From the composer's blog:

We originally wrote Quality Street back in the 1980s. It was our third musical in two years. While waiting for Shine! and Chaplin to somehow emerge from their cruel Broadway postponements, it was a breezy joy to work on this project which was witty, playful and romantic.

I admit I had little exposure to Regency-set drama and only knew J. M. Barrie as the author of Peter Pan. But here was another play about the elusive nature of youth and the exploration of transformation in us all. Coincidentally, that theme was also a relevant personal challenge between a wise lyricist and a brash composer 30 years apart in age.
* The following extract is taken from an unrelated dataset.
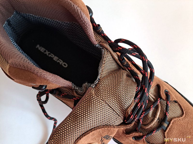 У ботинок высокий клапан на язычке. Заодно, тут можете оценить количество утеплителя. Я думаю, его не больше 100 г/кв.м.

Lee's adaptation of the play creates a fresh set of musical theatre characters and opened up the story perfectly for wonderful old-fashioned, well-made music theatre. It could have been an operetta, but it wasn't. It could have welcomed anachronistic pop music, but it didn't. It honors and protects Barrie's integrity and style. It also gave me another chance to indulge my appetite to bring period inspiration into my newbie showbiz composer vocabulary.

After a bit of unexpected legal squabbles, we were granted rights by the Barrie Estate and a production was scheduled for Virginia Museum Theatre in the Spring of 1984. Shine! had premiered there in 1983. But when the production was sadly aborted due to budget problems, we put the show aside as the grim 1980s played out.

In the early 90s, blessed with first rate performers, music directors Jack Lee and James Kowal, we presented a series of staged readings under the guidance of Tony Award-winning director Vivian Matalon. New York Musical Theatre Works, National Alliance for Musical Theater, The Stamford Center for the Performing Arts, and The York Theatre Company each gave us fine showcases.

Although much admired, dear Quality Street, with its elegant Barrie sensibilities and its anti-pop score, seemed destined to be ever out of sync with the gloomy devolving musical theater era into which it was born.

Those early workshops created a leaner, restructured musical, removing larger ensemble numbers, the intermezzo, dance and secondary character songs while falling under the spell of Les Miz by adding a "power" anthem or two. But over the years, Lee and I realized we missed the charm of our first version of Quality Street, which lovingly tipped its hat to Old World classical scores, both serious and light, along with traditional American musical theatre. With that in mind, the newly completed version returns to the full original script, with the entire score restored.